** Opening DATA FOR THIS TASK block **

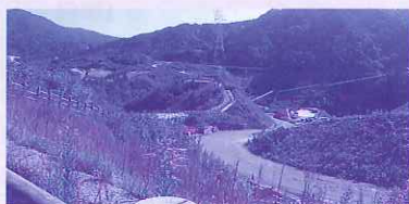
国道から見る嘉瀬川ダムの様子

日常生活からはなれ気分転換を図り、元氣な皆さんの笑顔が今日一日の楽しさを物語っていました。
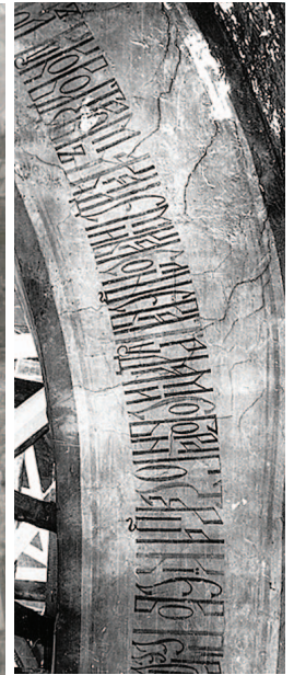
Ілюстр. 2 Фрагмент напису на честь реставрації 1851 р. (за Т.Рясною)
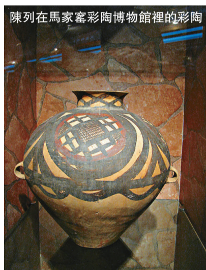
陳列在馬家窯彩陶博物館裡的彩陶

首屆全國馬家窯文化研究會前不久在其命名地甘肅臨洮召開，來自全國各地的考古專家和彩陶收藏愛好者齊聚一堂，對馬家窯文化的主要表現形式——彩陶的研究成果進行了交流。
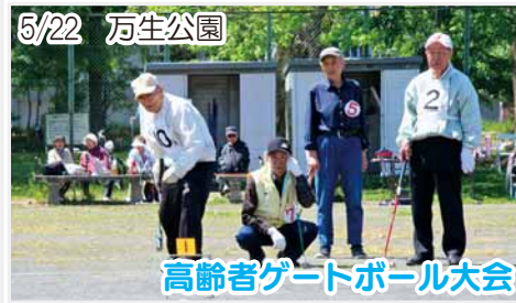
高齢者ゲートボール大会
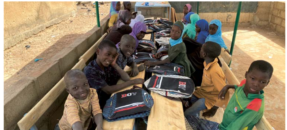
Élèves au Burkina Faso à l'école
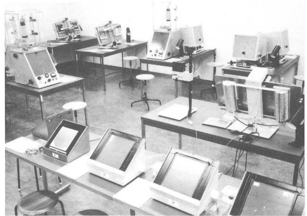
Grosser Praktikumsraum mit im eigenen Institut entwickelten Übungsinstrumenten. Diese Instrumente werden auch von andern Sternwarten geschätzt und können, oft im Austausch gegen Beobachtungsmaterial, an sie abgegeben werden.

Und darf man wohl — in einem Satz wenigstens — darauf hinweisen, dass astronomisches Wissen einen fundamentalen Teil unseres Bildes vom Menschen und seiner Stellung im Kosmos zum Inhalt hat? Das löst ein Potential an Interesse aus, das weit über den Kreis der Studenten in den Naturwissenschaften, ja in der Universität hinausgreift. Wohl darum auch übersteigen die laufend eingehenden, oft dringenden Anfragen für Volkshochschulkurse, Führungen, Vorträge jeder Art die Leistungsgrenzen der Dozenten dieses Gebietes. Kaum ein Fachgebiet zeigt ein solches Missverhältnis zwischen kleinem Personalbestand und umfangreichem Informationsbedürfnis der Allgemeinheit und damit
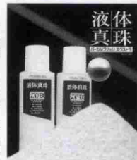
発売中の「液体真珠」

今啓パール㈱では「液体 真珠」(パールブリッジ エクストラ)を販売してい る。液体真珠は、特殊製法 により真珠のコンキオリン と真珠層(真珠カルシウム) を特殊な菌で発酵させ、イ オン化させた吸収のよい真 珠ミネラル発酵液である。 ★家庭で理想の水が作れる 浄水器と「液体真珠」が あれば、簡単に理想の水が 得られます。
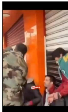
מעשנים מוכים על-ידי המשטרה החדשה (אלערביה, 14 בדצמבר 2024)

◀ הממשלה החדשה קבעה איסור על העישון, בהתאם לתפיסות האסלאם הרדיקלי. תושבים שנתפסו מעשנים, הוכו על ידי המשטרה החדשה (אלערביה, 14 בדצמבר 2024). במקביל, נקבע איסור על מכירה ועל שתיית אלכוהול. בין השאר, נותצו בקבוקי אלכוהול בדיוטי פרי של שדה התעופה של דמשק (אלשרק אלאוסט, 15 בדצמבר 2024).
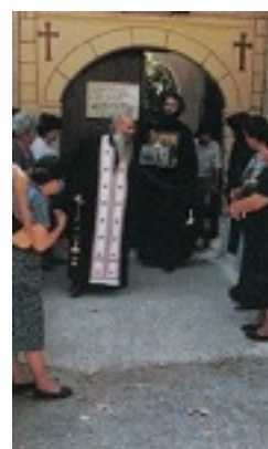
Όσιος Ιάκωβος (Τσαλίκης), ο Θεοφόρος, καθηγούμενος της Ιεράς Μονής Οσίου Δαυΐδ του εν Ευβοία
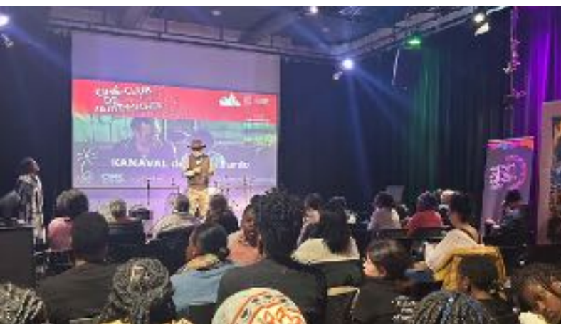
Discussion en salle après la présentation du film Kanaval au Ciné-Clud de Saint-Michel.

Chaque projection était animée et suivie d'une discussion, souvent avec les cinéastes des films ou des spécialistes des sujets abordés.
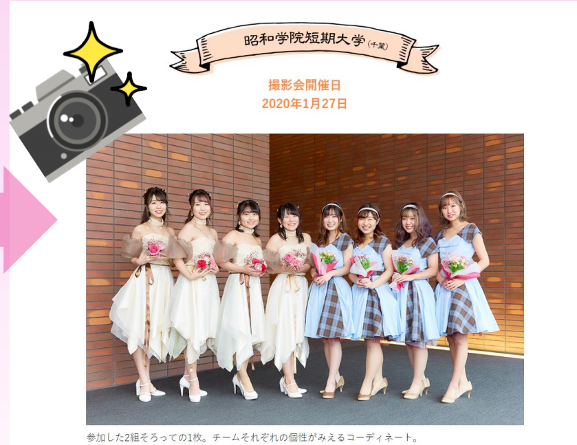
参加した2組そろっての1枚。チームそれぞれの個性がみえるコーディネート。

コンセプトシートを使用してドレスの企画 ブライダル総研の社員の方からポイントを 講座でレクチャーしてもらいました。
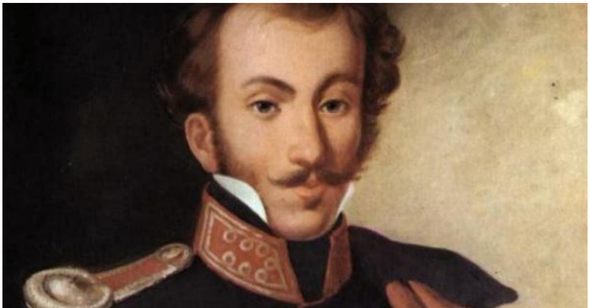
Ο Δημήτριος Υψηλάντης.

Οι καρδιές μας, όπως των αδελφών Υψηλάντη και των άλλων Ελλήνων επαναστατών, παραμένουν χωρίς καμία απολύτως αμφιβολία ελληνικές.
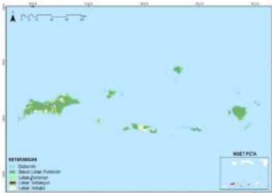
Gambar 2. Tutupan Lahan Tahun 2012

Citra satelit yang digunakan untuk menganalisis perubahan tutupan lahan tahun 2012, yaitu Landsat 5 wilayah Kabupaten Maluku Barat Daya yang direkam pada bulan Agustus tahun 2012. Interpretasi citra Landsat 5 dalam penelitian ini dilakukan secara visual dengan cara mendelineasi atau digitasi on screen dengan menggunakan software ArcGIS 10.8.

** Closing DATA FOR THIS TASK block **

Every word of the data should be reproduced exactly; please omit any pictures.

国道から見る嘉瀬川ダムの様子

日常生活からはなれ気分転換を図り、元氣な皆さんの笑顔が今日一日の楽しさを物語っていました。
Ілюстр. 2 Фрагмент напису на честь реставрації 1851 р. (за Т.Рясною)
陳列在馬家窯彩陶博物館裡的彩陶

首屆全國馬家窯文化研究會前不久在其命名地甘肅臨洮召開，來自全國各地的考古專家和彩陶收藏愛好者齊聚一堂，對馬家窯文化的主要表現形式——彩陶的研究成果進行了交流。
高齢者ゲートボール大会
Élèves au Burkina Faso à l'école
Grosser Praktikumsraum mit im eigenen Institut entwickelten Übungsinstrumenten. Diese Instrumente werden auch von andern Sternwarten geschätzt und können, oft im Austausch gegen Beobachtungsmaterial, an sie abgegeben werden.

Und darf man wohl — in einem Satz wenigstens — darauf hinweisen, dass astronomisches Wissen einen fundamentalen Teil unseres Bildes vom Menschen und seiner Stellung im Kosmos zum Inhalt hat? Das löst ein Potential an Interesse aus, das weit über den Kreis der Studenten in den Naturwissenschaften, ja in der Universität hinausgreift. Wohl darum auch übersteigen die laufend eingehenden, oft dringenden Anfragen für Volkshochschulkurse, Führungen, Vorträge jeder Art die Leistungsgrenzen der Dozenten dieses Gebietes. Kaum ein Fachgebiet zeigt ein solches Missverhältnis zwischen kleinem Personalbestand und umfangreichem Informationsbedürfnis der Allgemeinheit und damit
発売中の「液体真珠」

今啓パール㈱では「液体 真珠」(パールブリッジ エクストラ)を販売してい る。液体真珠は、特殊製法 により真珠のコンキオリン と真珠層(真珠カルシウム) を特殊な菌で発酵させ、イ オン化させた吸収のよい真 珠ミネラル発酵液である。 ★家庭で理想の水が作れる 浄水器と「液体真珠」が あれば、簡単に理想の水が 得られます。
מעשנים מוכים על-ידי המשטרה החדשה (אלערביה, 14 בדצמבר 2024)

◀ הממשלה החדשה קבעה איסור על העישון, בהתאם לתפיסות האסלאם הרדיקלי. תושבים שנתפסו מעשנים, הוכו על ידי המשטרה החדשה (אלערביה, 14 בדצמבר 2024). במקביל, נקבע איסור על מכירה ועל שתיית אלכוהול. בין השאר, נותצו בקבוקי אלכוהול בדיוטי פרי של שדה התעופה של דמשק (אלשרק אלאוסט, 15 בדצמבר 2024).
Όσιος Ιάκωβος (Τσαλίκης), ο Θεοφόρος, καθηγούμενος της Ιεράς Μονής Οσίου Δαυΐδ του εν Ευβοία
Discussion en salle après la présentation du film Kanaval au Ciné-Clud de Saint-Michel.

Chaque projection était animée et suivie d'une discussion, souvent avec les cinéastes des films ou des spécialistes des sujets abordés.
参加した2組そろっての1枚。チームそれぞれの個性がみえるコーディネート。

コンセプトシートを使用してドレスの企画 ブライダル総研の社員の方からポイントを 講座でレクチャーしてもらいました。
Ο Δημήτριος Υψηλάντης.

Οι καρδιές μας, όπως των αδελφών Υψηλάντη και των άλλων Ελλήνων επαναστατών, παραμένουν χωρίς καμία απολύτως αμφιβολία ελληνικές.
Gambar 2. Tutupan Lahan Tahun 2012

Citra satelit yang digunakan untuk menganalisis perubahan tutupan lahan tahun 2012, yaitu Landsat 5 wilayah Kabupaten Maluku Barat Daya yang direkam pada bulan Agustus tahun 2012. Interpretasi citra Landsat 5 dalam penelitian ini dilakukan secara visual dengan cara mendelineasi atau digitasi on screen dengan menggunakan software ArcGIS 10.8.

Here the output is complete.